Hallucination
When an AI generates information that sounds plausible but is factually incorrect or made up.
Why AI Hallucinates
AI models don't know what they know. They predict plausible text based on patterns, not facts. When a pattern suggests something should be true, the AI might state it confidently even when it's wrong.
Common hallucination types:
- Inventing citations that don't exist
- Misremembering dates, numbers, or names
- Creating plausible-sounding but false technical details
- Attributing quotes to wrong people
How Serious Is It?
Hallucination rates vary by:
- Model quality (newer models generally hallucinate less)
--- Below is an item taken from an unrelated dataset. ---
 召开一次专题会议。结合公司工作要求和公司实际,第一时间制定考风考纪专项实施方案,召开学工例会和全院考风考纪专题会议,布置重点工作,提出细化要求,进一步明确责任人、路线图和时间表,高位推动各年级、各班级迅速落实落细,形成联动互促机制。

- Task type (creative tasks vs factual queries)
- How obscure the topic is
- Whether the model has relevant training data
For casual use, occasional hallucinations are annoying but manageable. For high-stakes decisions, hallucinations can be dangerous.
Reducing Hallucinations
RAG: Give the AI real documents to reference instead of relying on training data.
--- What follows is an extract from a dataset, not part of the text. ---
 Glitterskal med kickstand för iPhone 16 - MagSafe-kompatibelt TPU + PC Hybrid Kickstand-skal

Grounding: Connect the AI to authoritative sources it can verify against.
Prompting: Ask the AI to cite sources or say "I don't know" when uncertain.
Verification: Always fact-check AI outputs for important decisions.
Evaluating Tools
When reviewing AI tools, hallucination behavior matters. Does the tool admit uncertainty? Does it cite sources? How does it handle questions outside its knowledge? These factors separate reliable tools from risky ones.